Pancreatic cancer is currently the twelfth most common malignancy in men and the eleventh most common malignancy in women, and is reported as the seventh most frequent cause of cancer mortality.⁹⁵ The International Agency for Research on Cancer’s (IARC) GLOBOCAN estimated 458,918 new cases and 432,242 deaths from pancreatic cancer globally in 2018. The highest incidence rates of pancreatic cancer occur in Western Europe, North America, and Central and Eastern Europe. In contrast, the lowest incidence rates are reported in Africa and South-Central Asia.^96,97 Generally, pancreatic cancer is not diagnosed in its early stages due to its non-specific symptoms, which can be considered some other diseases. Usually, patients present with advanced stages, most of which contain unresectable tumors at the moment of diagnosis. Patients' symptoms include epigastric or back pain, nausea, bloating, abdominal fullness or change in stool consistency, gastric outlet or bowel obstruction, weight loss, anorexia, depression, new-onset diabetes, venous thrombosis, jaundice, pruritus, and dark urine.^98,99 Some diagnostic investigations which patients must follow to ensure the detection are suggested, such as histological examination, tumor biomarkers, endoscopic ultrasonography, Magnetic Resonance Imaging (MRI), Computed Tomography (CT), Positron Emission Tomography (PET), and endoscopic retrograde cholangiopancreatography.¹⁰⁰ Various treatment options are available depending on the stage of diagnosis and location of the tumor, reported as surgery, chemotherapy, radiotherapy, Targeted Therapy, Immunotherapy, Stem cell therapy, and Microbial Therapy.^100,101 Risk factors of this cancer have been divided into two categories: modifiable and non-modifiable risk factors.

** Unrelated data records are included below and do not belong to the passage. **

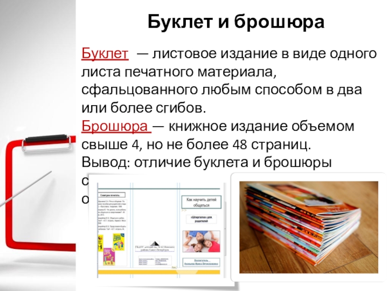 Вывод: отличие буклета и брошюры состоит в материальной конструкции и объеме.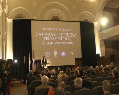 Београд, 21. април 2017. године – Документарни филм Лордана Зафрановића "Залазак столећа (Тестамент Л. З.)" из 1993. године, данас је по први пут приказан у Србији, поводом Дана сећања на жртве Холокауста, геноцида и других жртава фашизма у Другом светском рату.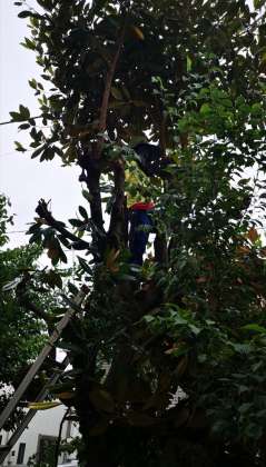 大きなはしごを木に立てかけ、高いところまで登り、剪定(せんてい)をしています。
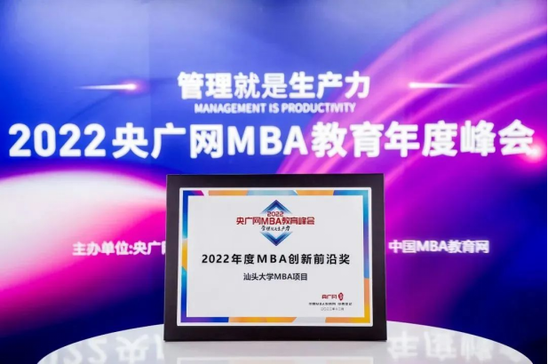School of Business Shantou University MBA program won the "2022 MBA Innovation Frontier Award". Prof. Liang Qiang, dean of Business School and director of MBA Education Center, was awarded the "2022 Business Education Influencer".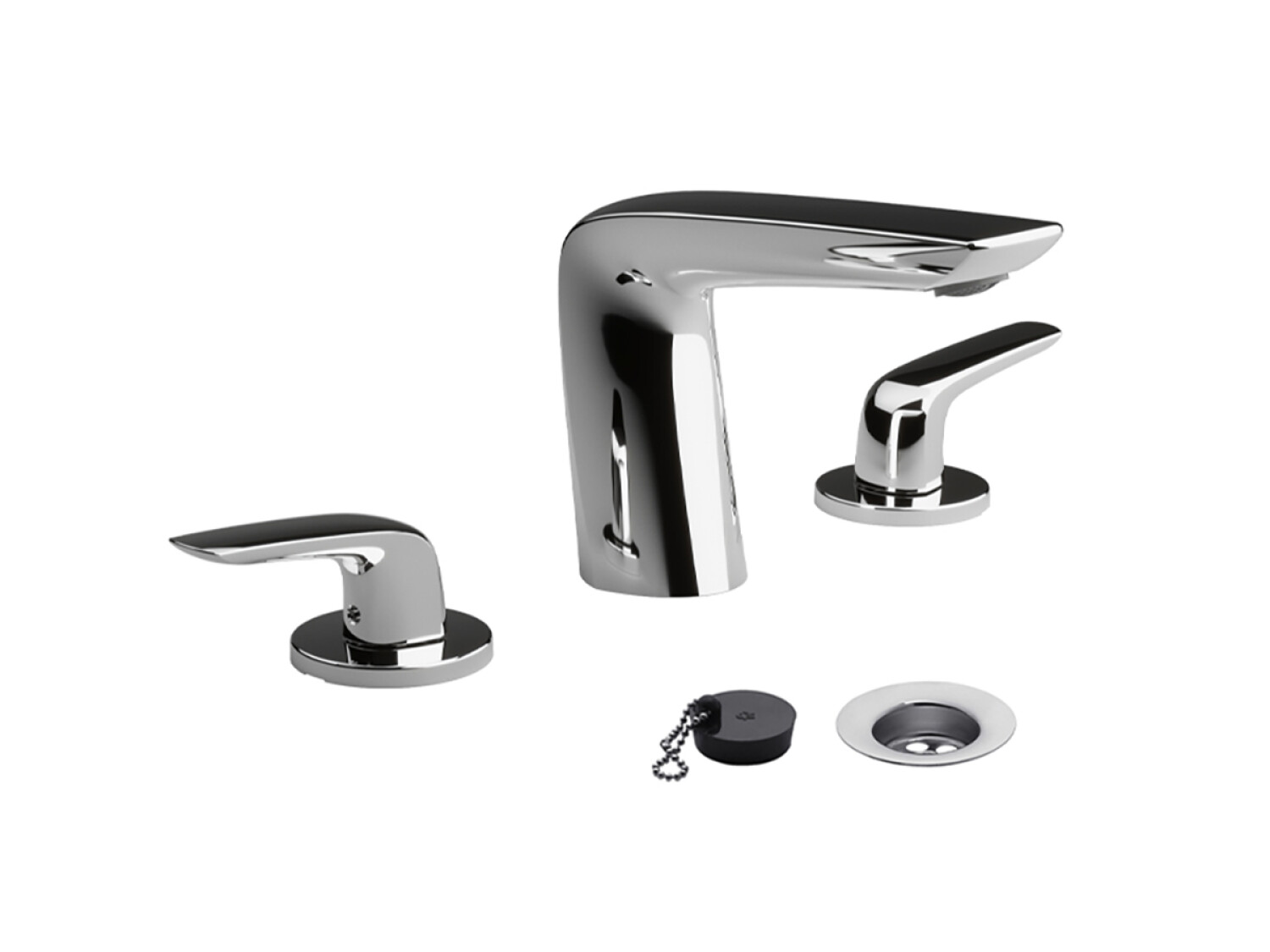 Grifería bimando de lavatorio de la línea Epuyén de FV, acabado cromo. Este grifo para lavabo ofrece un diseño contemporáneo y funcional, con dos manijas independientes para controlar el flujo de agua fría y caliente. Fabricado con materiales resistentes, este grifo garantiza un rendimiento duradero y confiable, agregando estilo y comodidad a cualquier baño.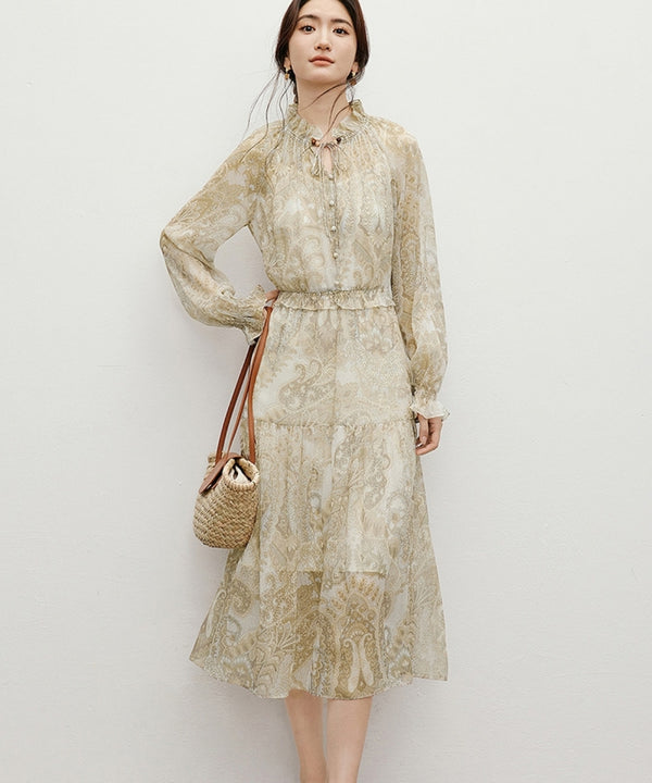 くすみグリーンにペイズリー柄、首元のビーズ飾りがフォークロア調のワンピース。1枚でも存在感はありますが、レザーやダメージデニム、フェイクファーなど羽織の工夫次第でもっとフォークロアに寄せることも可能です。普段には、ジャケット合わせできれいめに。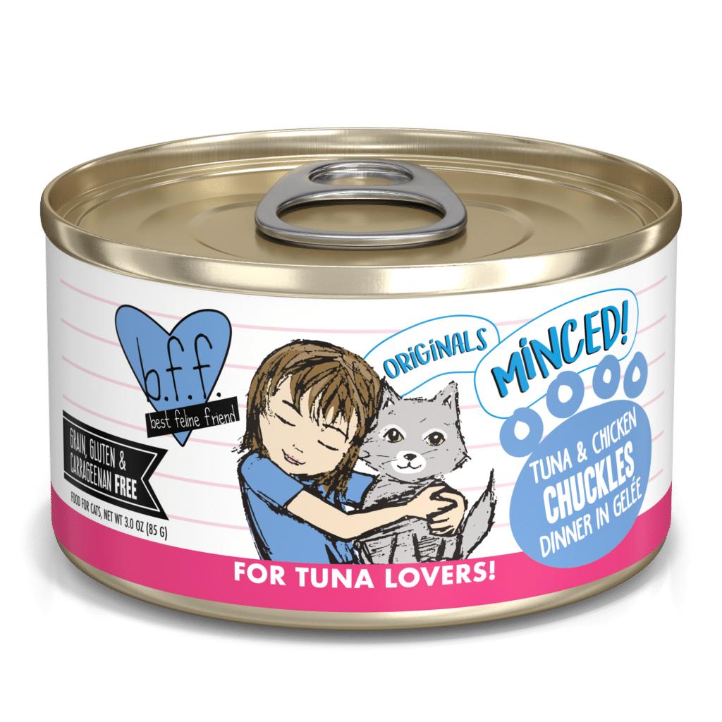 Your cat will be too busy enjoying its food to have time for chuckling! This combination will have your cat chasing after you for more. This 3 oz canned cat food from Best Feline Friend is made with meat fit for human consumption and your cat will appreciate it. Tuna and Chicken Chuckles also meets nutritional levels established by the AAFCO Nutrient Profiles for Adult Maintenance. This canned cat food is also grain free! Refrigerate after opening.
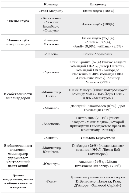 Такое различие между клубами в организации структуры собственности привело к появлению финансовых преимуществ у одних и затруднений у других. К примеру, покупка «Челси» и «Манчестер Сити» миллиардерами привела к росту конкуренции и цен на талантливых игроков, что влияет на такие клубы, как «Реал Мадрид». Недавно «Ванда Групп» – огромный китайский конгломерат, принадлежащий миллиардеру Ван Цзяньлиню, – приобрел 20 % акций «Атлетико Мадрид» за 45 миллионов евро, что позволило ему войти в совет директоров клуба. Теперь «Атлетико» имеет больше средств для подписания талантливых игроков.
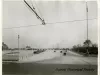 Black and white photo of the Detroit plaza of the Ambassador Bridge as taken from Porter Street facing south. A flag pole stands at the northwest corner of the plaza. Tollbooths and inspection booths run along the center of the plaza. An inspection area with a ramp is on the left. The U.S. Customs Offices stands on the southeast corner of the plaza. The Ambassador Bridge stands in the background. Part of Webster Public School is visible along the left edge of frame. Streetcar cables are overhead in the foreground.

Modifiable risk factors include smoking, obesity, alcohol, diet, occupational exposure and chronic infections. Non-modifiable risk factors include age, gender, family history of pancreatic cancers, genetic factors, diabetes mellitus, ethnicity, and blood group.⁹⁸ Some nutrients capable of preventing cancer have been suggested, such as omega-three fatty acids, polyphenols, folic acid, selenium, and zinc.¹⁰²

Occupational exposures have been found to have a link with pancreatic cancer. Exposure to some chemicals and metals are considered to be potential carcinogens. Cd is a heavy metal with broad toxicity, accumulating in some body organs and tissues, including the pancreas. Its exposure increases pancreatic cancer development and especially increases the risk of exocrine pancreatic cancer.^98,103–105

The etiology of pancreatic cancer and associated pancreatic damage is closely linked to oxidative stress, which is characterized by the generation of ROS or free radicals. The prevalence of research pertaining to Cd-induced oxidative stress in the pancreas has been rather limited. There exists a multitude of reports evidencing the accumulation of Cd within the pancreas. Inflammation consequent to oxidative stress, which may serve as a precursor to possible oncogenesis, is an underlying etiologic factor of pancreatitis.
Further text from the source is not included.